Expanding the Parameters of Feminist Artivism by Gillian Hannum,Kyunghee Pyun Pdf
This book explores the work and careers of women, trans, and third-gender artists engaged in political activism. While some artists negotiated their own political status in their indigenous communities, others responded to global issues of military dictatorship, racial discrimination, or masculine privilege in regions other than their own. Women, trans, and third-gender artists continue to highlight and challenge the disturbing legacies of colonialism, imperialism, capitalism, communism, and other political ideologies that are correlated with patriarchy, primogeniture, sexism, or misogyny.

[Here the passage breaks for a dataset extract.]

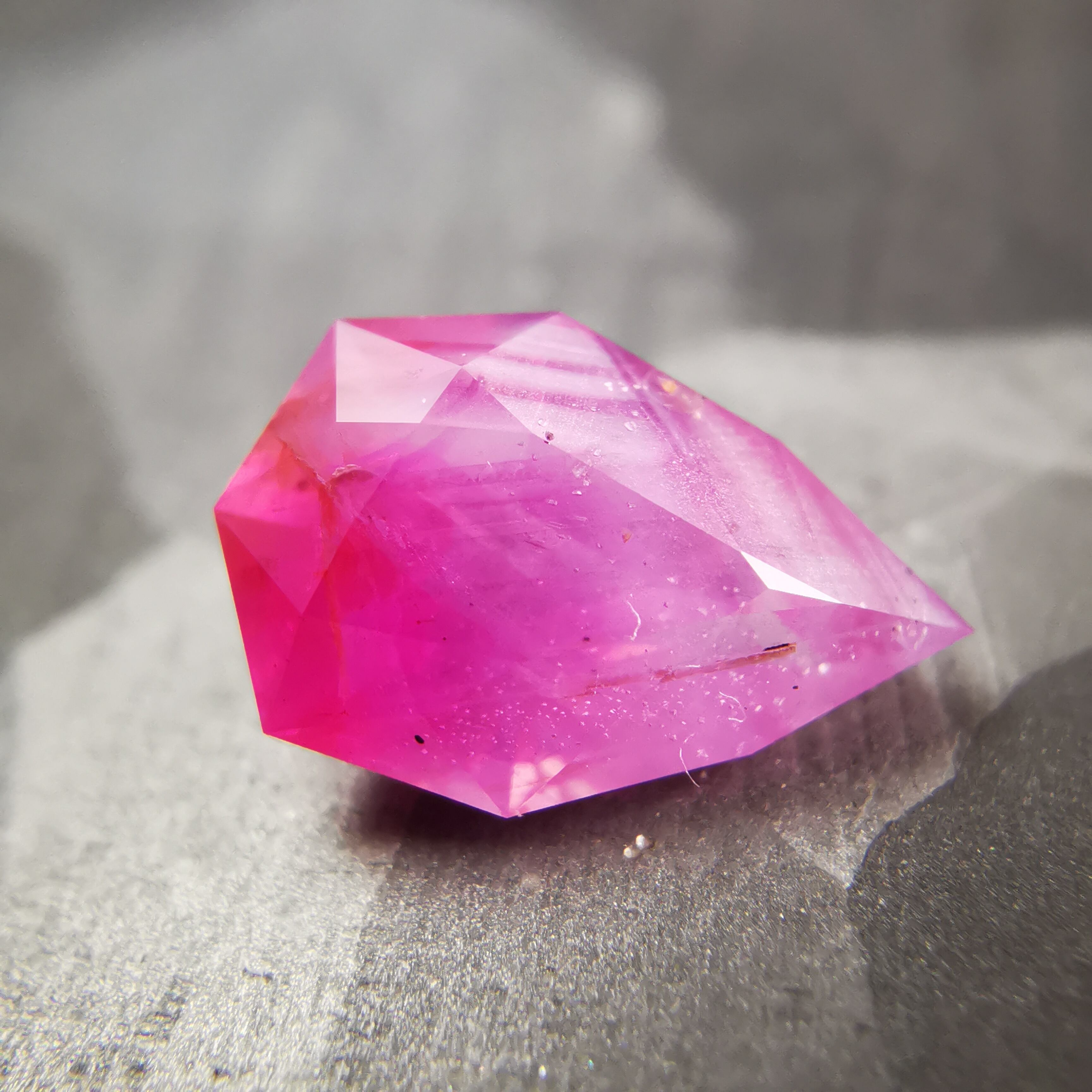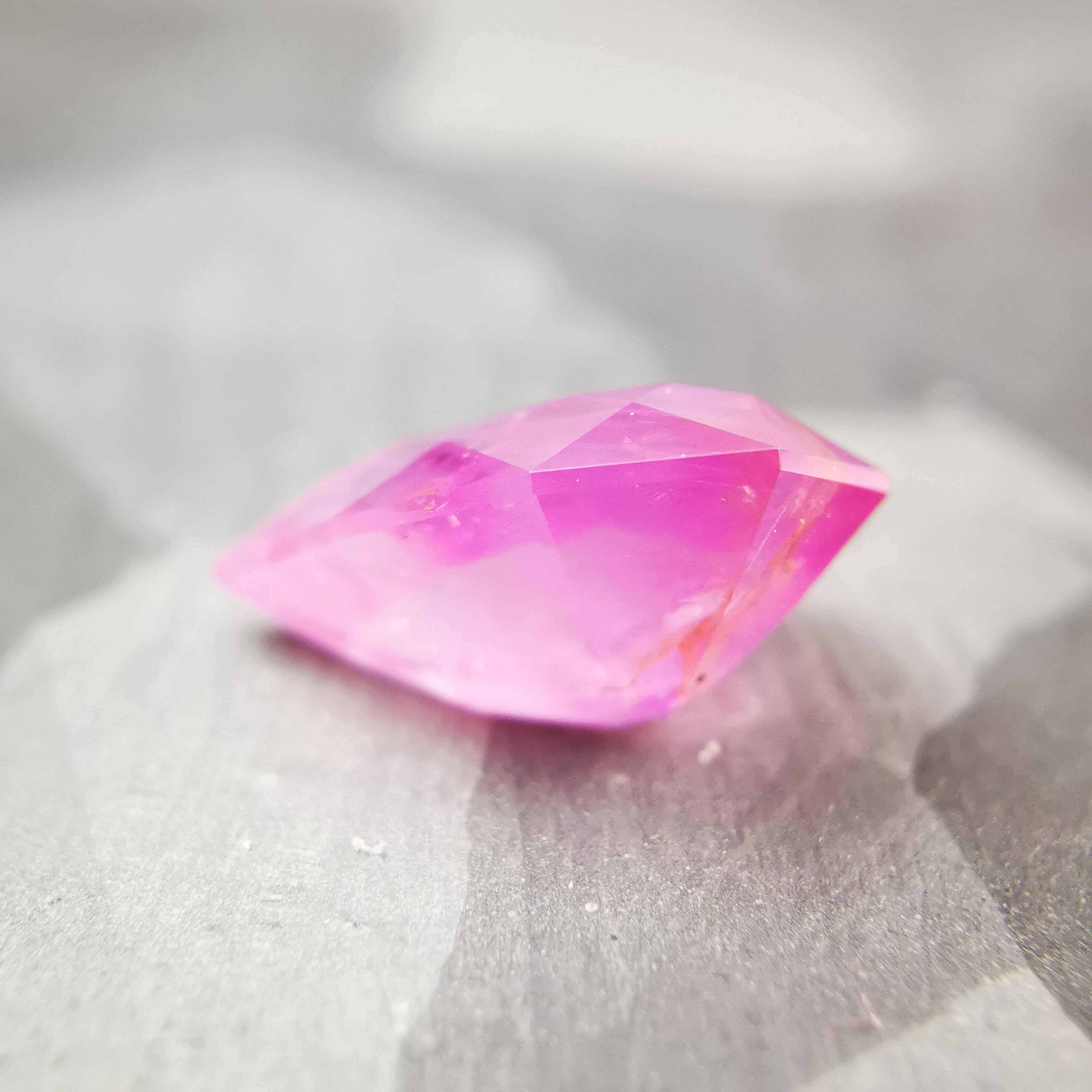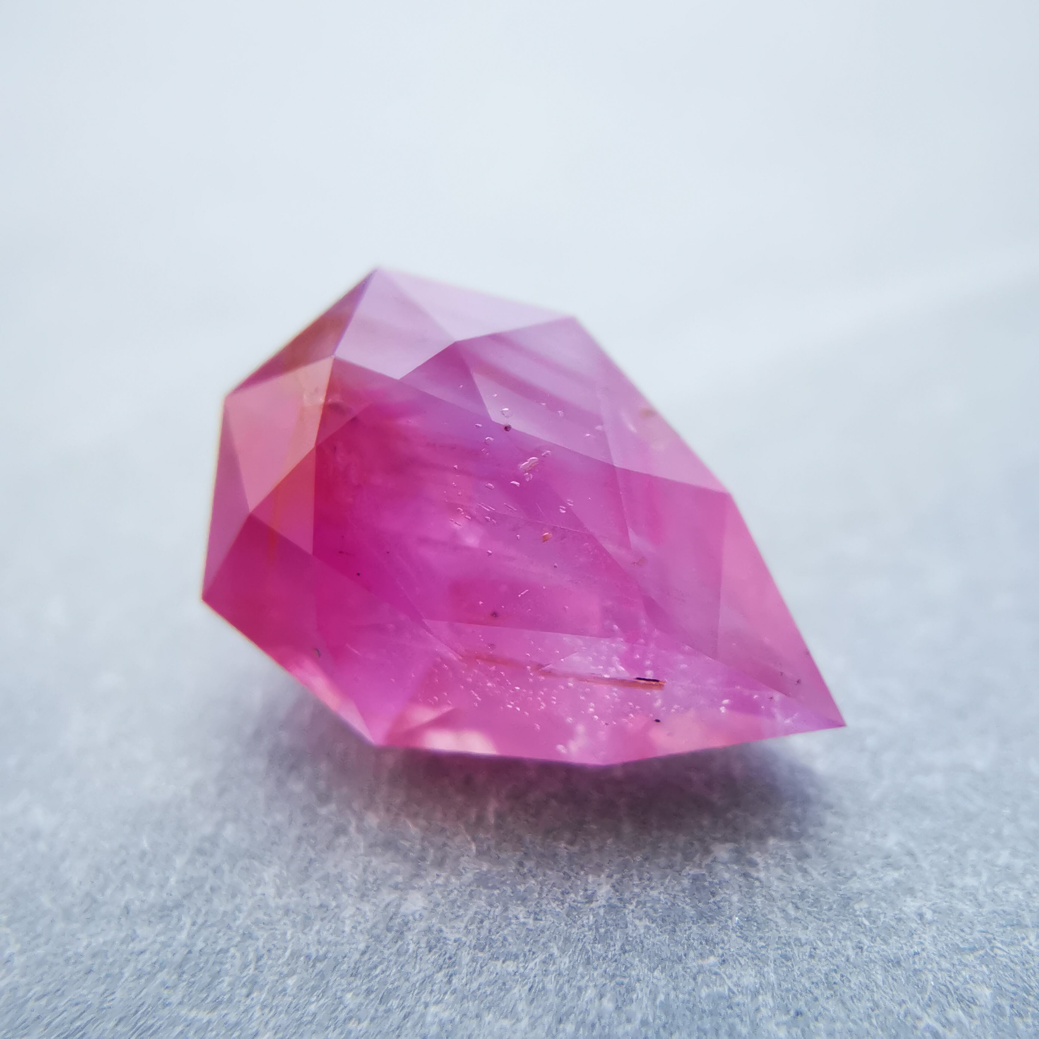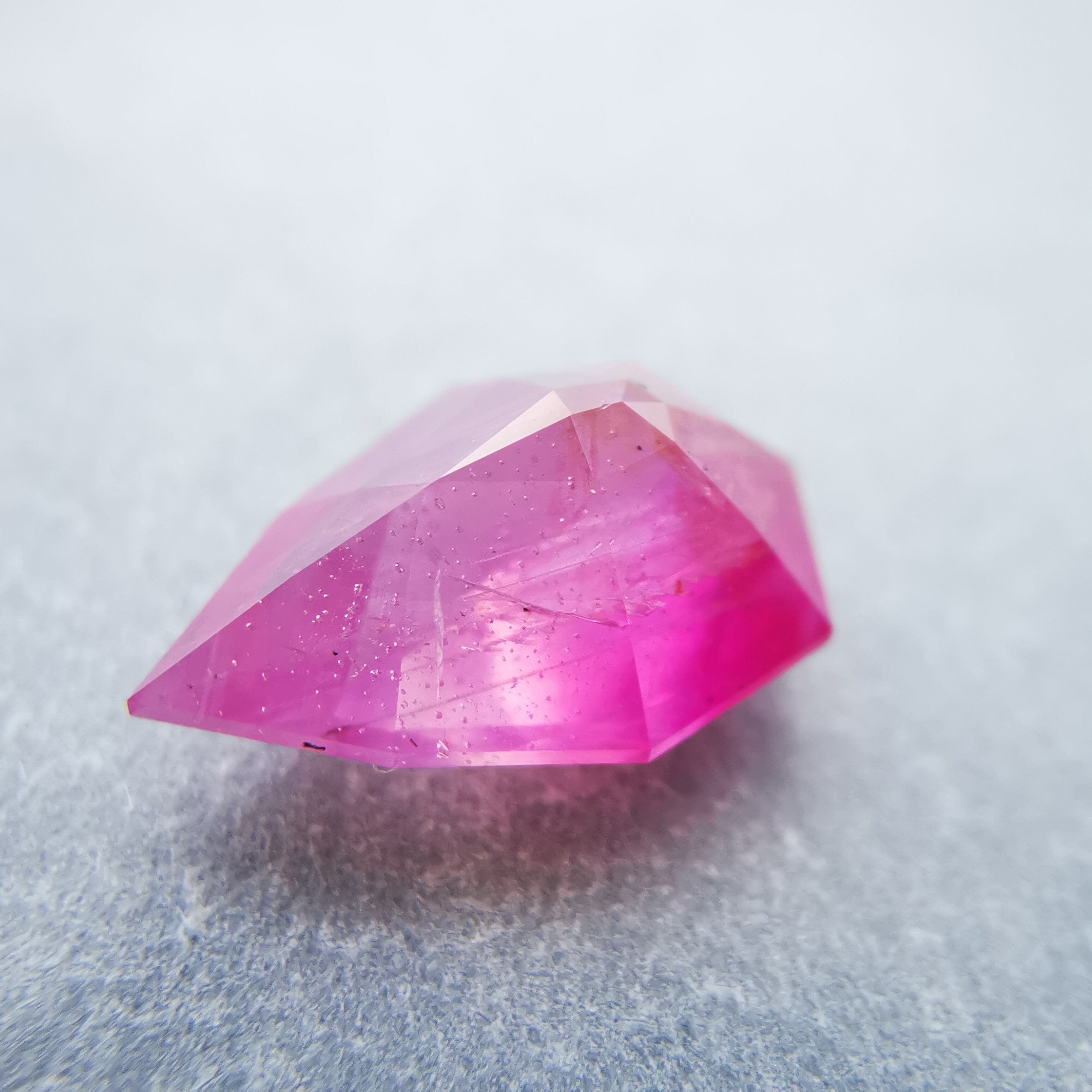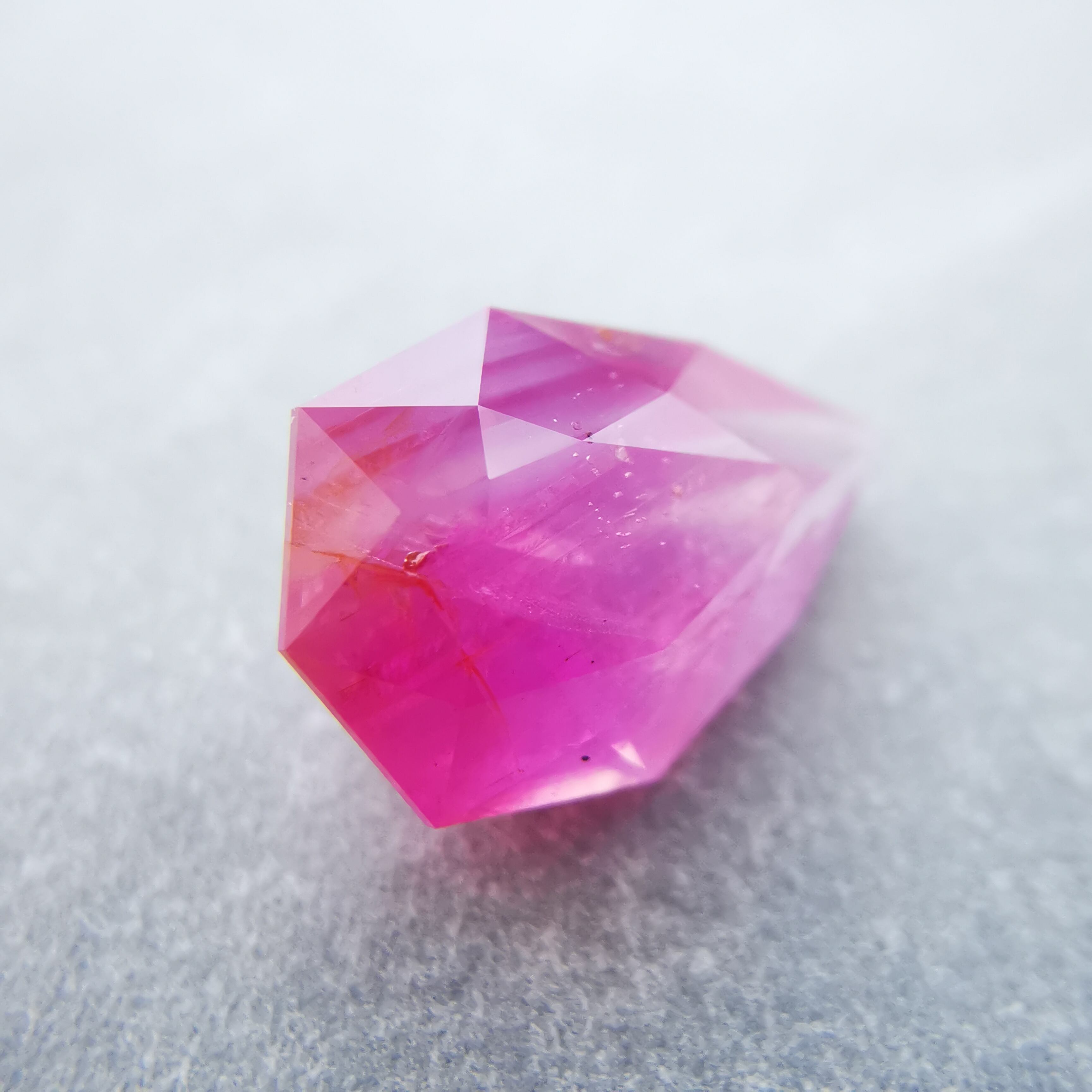 ペアシェイプの先端の方はシクラメンピンク/柔らかなピンク、おしりの片側はマゼンタピンク/鮮やかなピンクへ、グラデーションがキャンディーのようなサファイアです。

The book argues that solidarity among such artists remains valuable and empowering for those who still seek legitimate recognition in art schools, cultural institutions, and the history curriculum.
POSTMODERNISM AND AESTHETICS: COLLIDE OR STEER? by Kyunghee Pyun Pdf
Postmodernism and Aesthetics: Collide or Steer presents twenty-two artists who were awardees of the contemporary visual art competition by the AHL Foundation. All of them spent their youth in the 1990s as immigrant artists or as fine art students studying-abroad in the United States. While postmodernism gained momentum in South Korea during an economic boom in the 1990s, a milieu of fine arts departments at major universities as well as art markets in Seoul, still maintained a purity of high modernism in abstract painting. Organized by curator and professor Kyunghee Pyun at the Fashion Institute of Technology, this exhibition overviews the current status of twenty-two artists from Korea living and working in the United States. The show divided artists and their works into most popular binary themes of postmodernism and high modernism such as appropriation/originality; local/ international; simulacra/real; banal/avant-garde; and personal/universal.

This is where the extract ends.